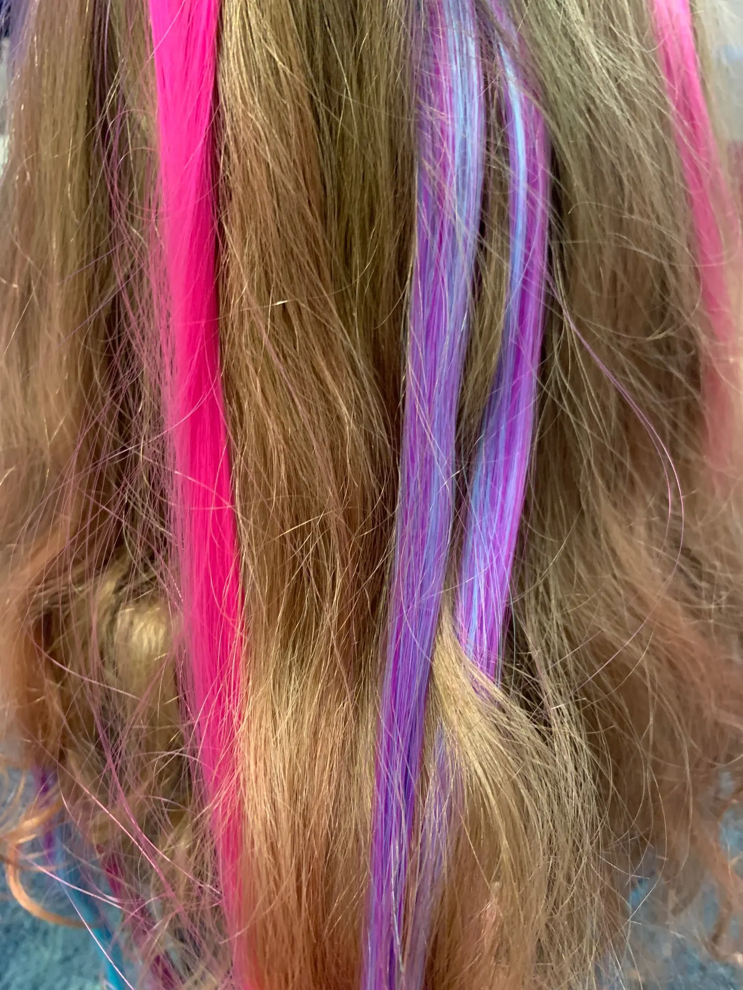 Яркие пряди, дочке моей 8 лет, она в восторге
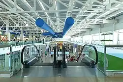 Concourse B is situated in a satellite building connected to the main terminal by a walkway. This concourse serves international flights, primarily from the United States and Canadian airlines. It offers seating areas, food stands, restaurants, a VIP lounge, and duty-free shops.[3] The satellite has 15 gates (gates 6-20B) spread across two floors, with those on the top floor equipped with jet bridges. All international airlines operate from this area.[4]
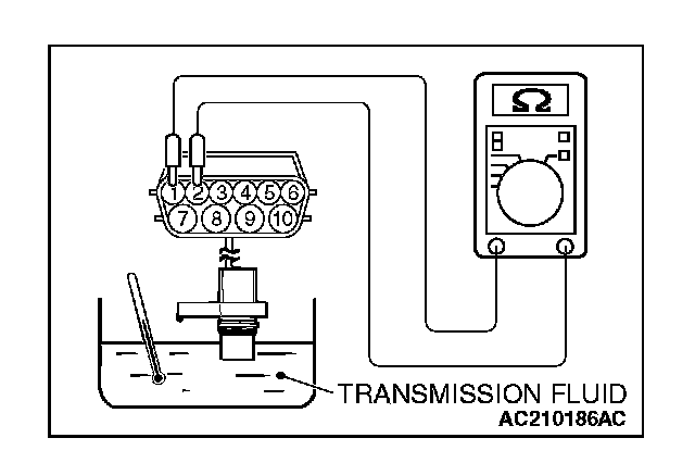 2. Measure the resistance between terminals 1 and 2 of the transmission fluid temperature sensor connector.
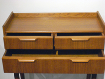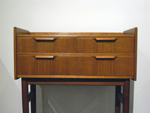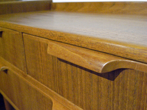 材質はチーク材+チーク突き板です。(店頭在庫)
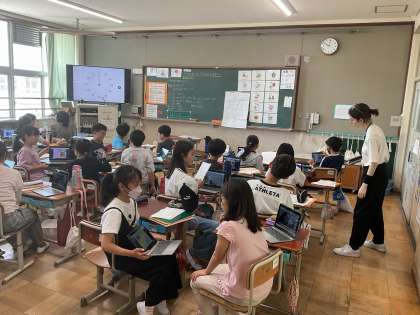 外国語の学習で、友だちに誕生日や誕生日に欲しい物をたずねる言い方を練習しました。お互いに相手にたずねながら、会話を続けていきました。

★ ★ ★ ★

▸ What you have to do
Omitting the images, output each record precisely as written.

▸ Response
 Яркие пряди, дочке моей 8 лет, она в восторге
 Concourse B is situated in a satellite building connected to the main terminal by a walkway. This concourse serves international flights, primarily from the United States and Canadian airlines. It offers seating areas, food stands, restaurants, a VIP lounge, and duty-free shops.[3] The satellite has 15 gates (gates 6-20B) spread across two floors, with those on the top floor equipped with jet bridges. All international airlines operate from this area.[4]
 2. Measure the resistance between terminals 1 and 2 of the transmission fluid temperature sensor connector.
 材質はチーク材+チーク突き板です。(店頭在庫)
 外国語の学習で、友だちに誕生日や誕生日に欲しい物をたずねる言い方を練習しました。お互いに相手にたずねながら、会話を続けていきました。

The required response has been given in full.